BEGIN LISTED ENTRIES

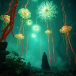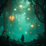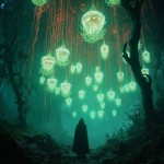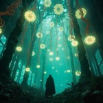 Surreal Sci-Fi Forest with Glowing Structures and Cloaked Figure
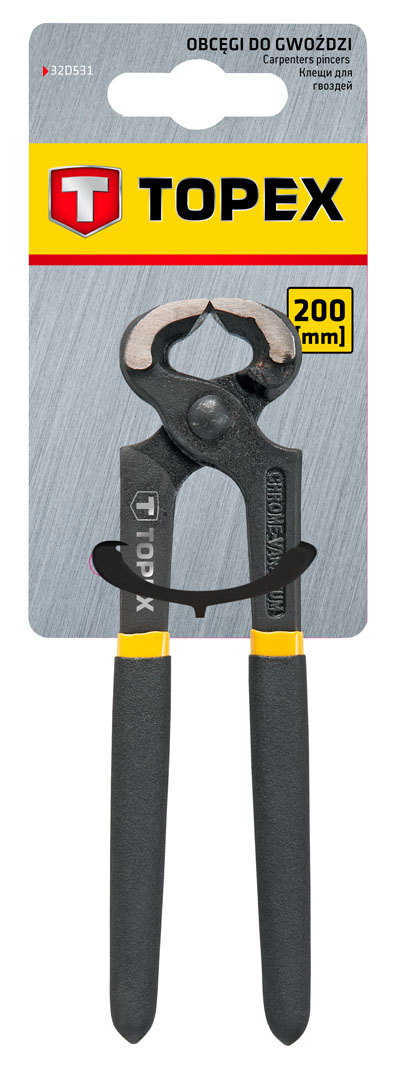 Obcęgi do gwoździ 200 mm, stal CrV, elastyczna wykładzina uchwytu
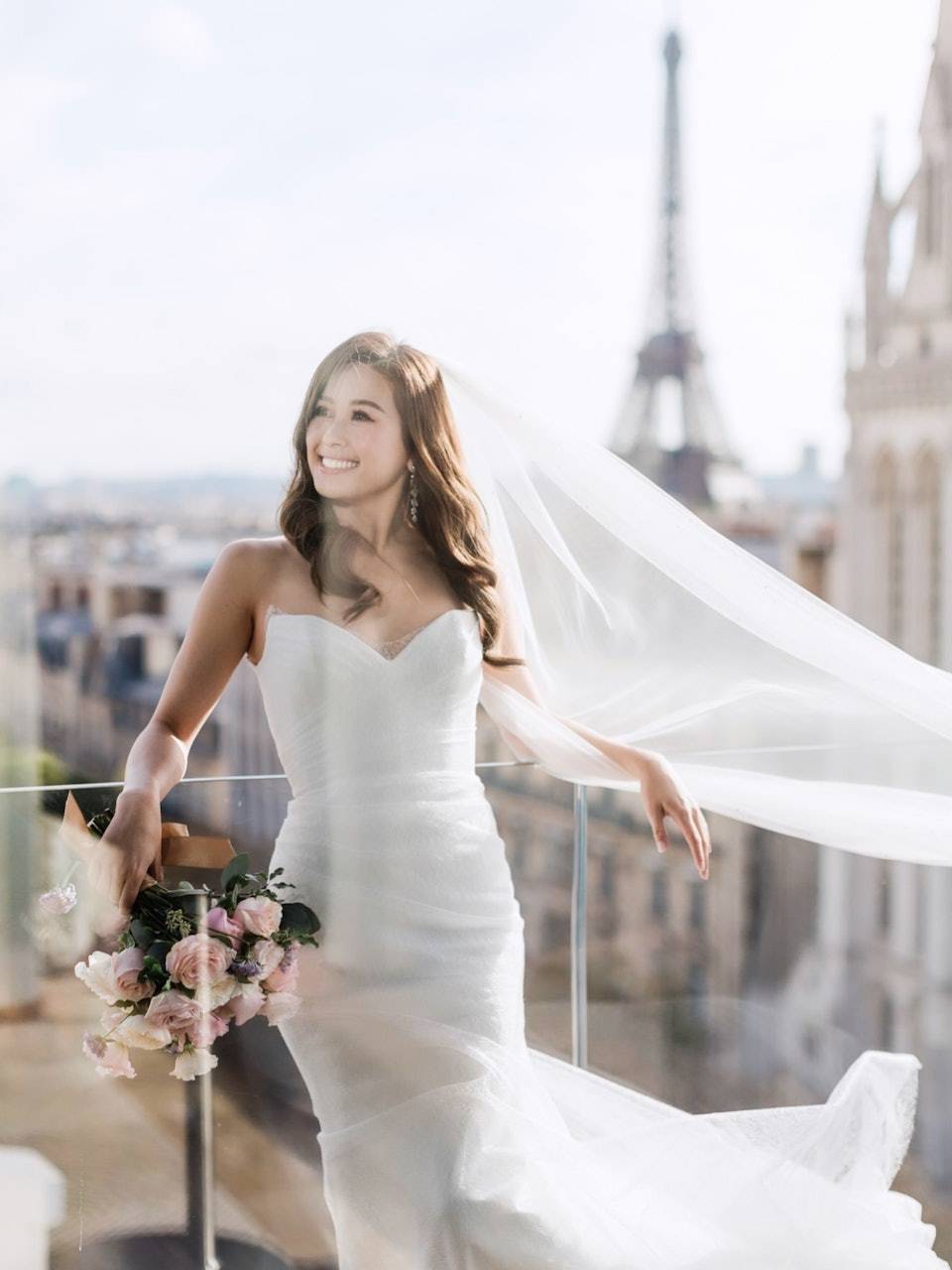 在娱乐圈,这种操作,真的不多见。照片里,她一连换上多套婚纱,在巴黎铁塔和欧式古典建筑前取景。抹胸鱼尾款大秀香肩,长袖蕾丝款仙气十足,身材紧致、线条流畅,完全不像43岁。网友纷纷留言:这状态,说是30岁都有人信。但比起“冻龄美貌”,大家更关心的只有一个问题:老公是谁?
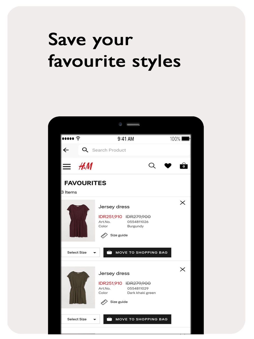 Save the items you love the most in your own list of favourites — just tap the HEART ICON.
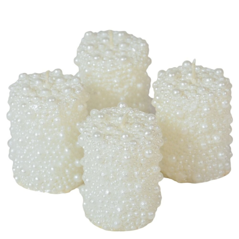 Kontúrozott gyöngyös metál henger gyertya 60x75mm fehér
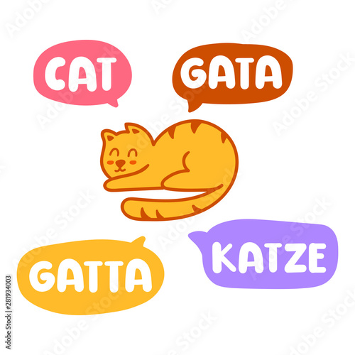 Cat Gata Gatta Katze Translation Concept Hand Drawn Vector
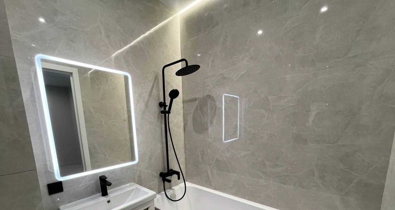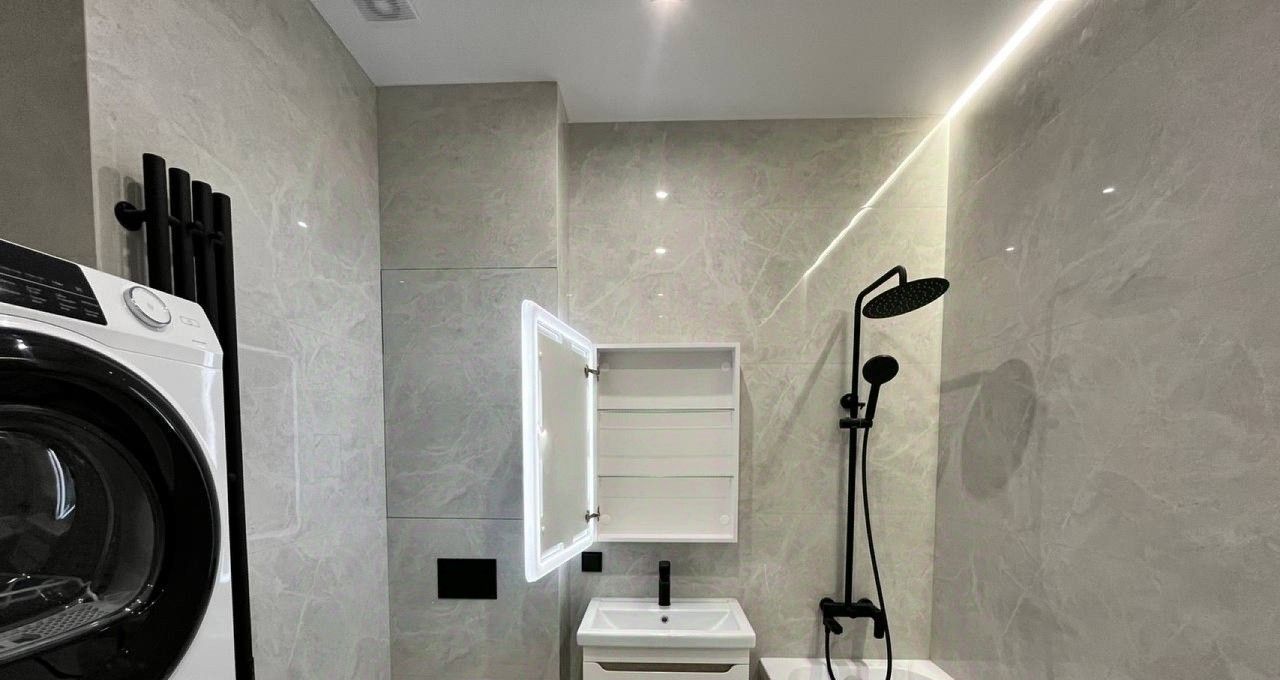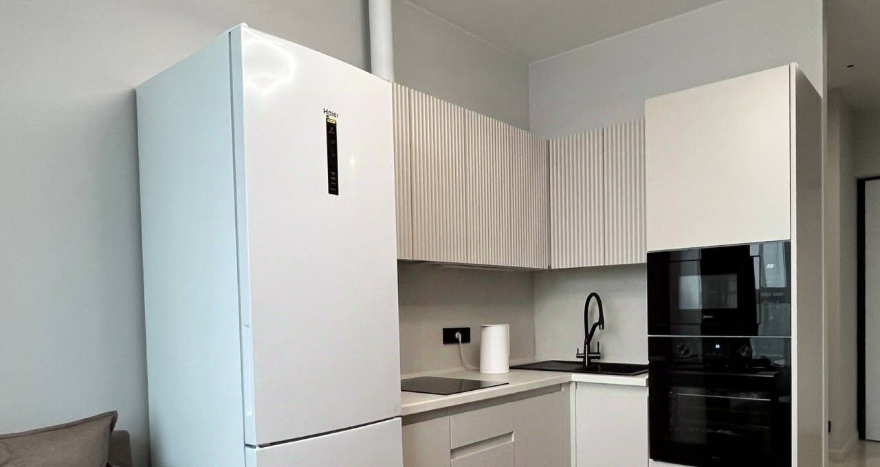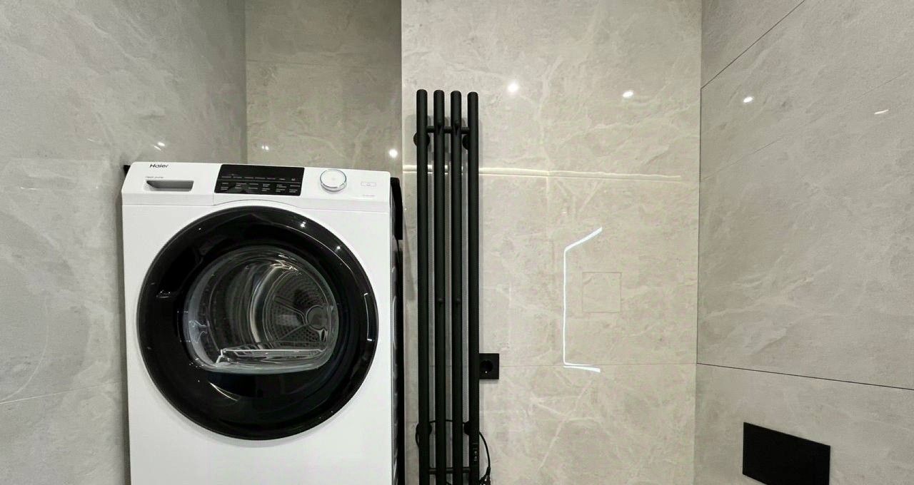 Внутреннее оснащение продумано до мелочей для комфортной жизни. Кухня площадью 8 квадратных метров оборудована полным набором техники: холодильник, варочная панель, вытяжка, кондиционер и посудомоечная машина, а в ванной комнате предусмотрены стиральная и сушильная машины. В комнате также установлен телевизор. Наличие ванны, а не душевой кабины, — редкое преимущество для квартир такого формата. В стоимость аренды уже включены коммунальные платежи, счетчики оплачиваются отдельно по факту расхода. Интернет проведен, что позволяет работать из дома без дополнительных хлопот.
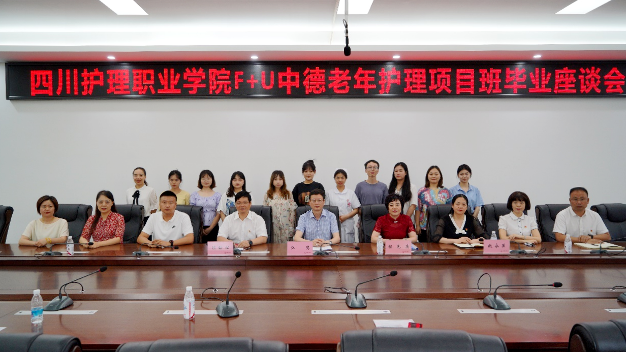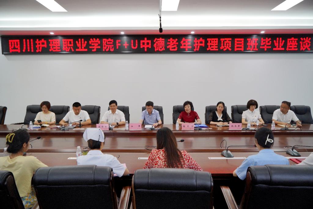 6月29日上午,beat365官方网站2018级德国萨克森州F+U中德老年护理班毕业生代表座谈会在龙泉校区隆重举行。学院党委书记江涛、院长张先庚、副院长陈劲松、姚永萍和护理系、学工部、培训中心等相关部门领导及教学团队代表参加了座谈。
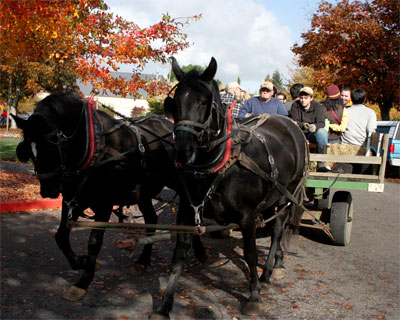 On Saturday, Oct. 24, the 2009 Harvest Festival at Portland Community College’s Rock Creek Campus featured hayrides through the natural campus setting for thousands of people from the local community. In addition to hayrides, Rock Creek staff and students put its award-winning recycling loop program on display for attendees. The loop system features growing cafeteria food in campus gardens and vermi-composting cafeteria food scraps and returning nutrient-rich worm castings to the garden soil.
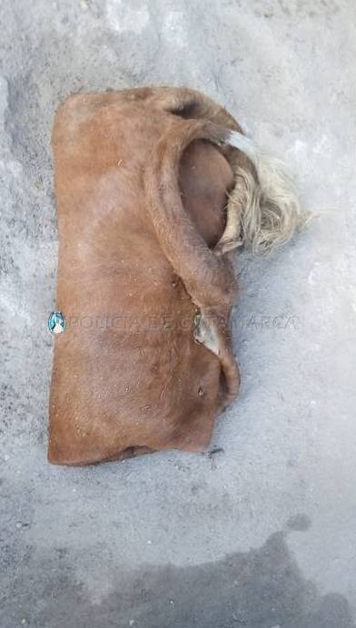 Durante la medida judicial, en el fondo del inmueble, el personal policial interviniente secuestró una tambera faenada de la raza Bradford, pelaje colorado pampa, de aproximadamente unos 120 Kg., el cuero del animal y elementos para la faena, quedando en calidad de arrestado en averiguación del hecho un joven de apellido Andrada (29), quien sería el presunto autor del delito investigado.
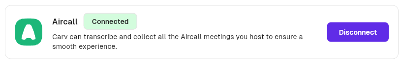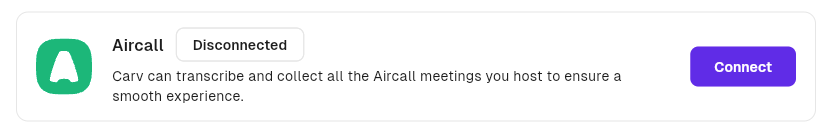 The green "Connected" label will disappear and you will see the "Connect" button again. From this point forward, Carv will no longer automatically record the calls you make with Aircall.
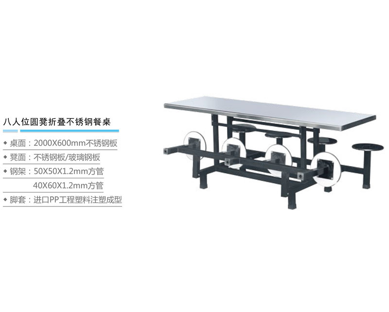 八人位圆凳折叠不锈钢餐桌
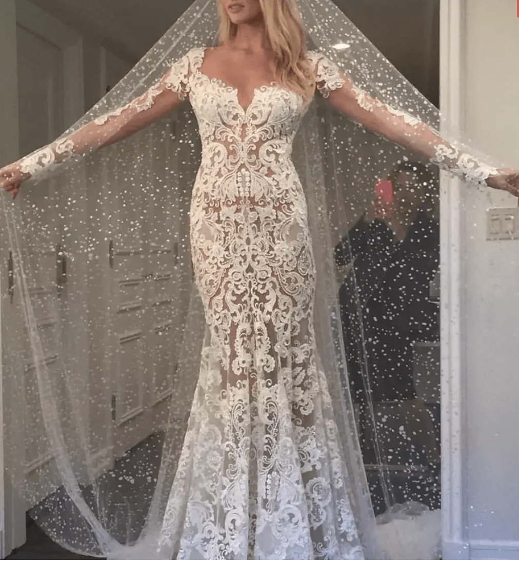 V Neck Wedding Dresses Bridal Gown Mermaid with Sleeves WD23
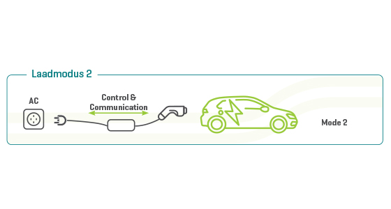 Bij de andere laadmodi 1-3, wordt wisselstroom in het voertuig zelf omgezet naar gelijkstroom.

END LISTED ENTRIES

Word for word, give again the lines from the line holding "6月29日上午,beat36" through the last line of the material, both included; pictures are not part of the copy.

 6月29日上午,beat365官方网站2018级德国萨克森州F+U中德老年护理班毕业生代表座谈会在龙泉校区隆重举行。学院党委书记江涛、院长张先庚、副院长陈劲松、姚永萍和护理系、学工部、培训中心等相关部门领导及教学团队代表参加了座谈。
 On Saturday, Oct. 24, the 2009 Harvest Festival at Portland Community College’s Rock Creek Campus featured hayrides through the natural campus setting for thousands of people from the local community. In addition to hayrides, Rock Creek staff and students put its award-winning recycling loop program on display for attendees. The loop system features growing cafeteria food in campus gardens and vermi-composting cafeteria food scraps and returning nutrient-rich worm castings to the garden soil.
 Durante la medida judicial, en el fondo del inmueble, el personal policial interviniente secuestró una tambera faenada de la raza Bradford, pelaje colorado pampa, de aproximadamente unos 120 Kg., el cuero del animal y elementos para la faena, quedando en calidad de arrestado en averiguación del hecho un joven de apellido Andrada (29), quien sería el presunto autor del delito investigado.
 The green "Connected" label will disappear and you will see the "Connect" button again. From this point forward, Carv will no longer automatically record the calls you make with Aircall.
 八人位圆凳折叠不锈钢餐桌
 V Neck Wedding Dresses Bridal Gown Mermaid with Sleeves WD23
 Bij de andere laadmodi 1-3, wordt wisselstroom in het voertuig zelf omgezet naar gelijkstroom.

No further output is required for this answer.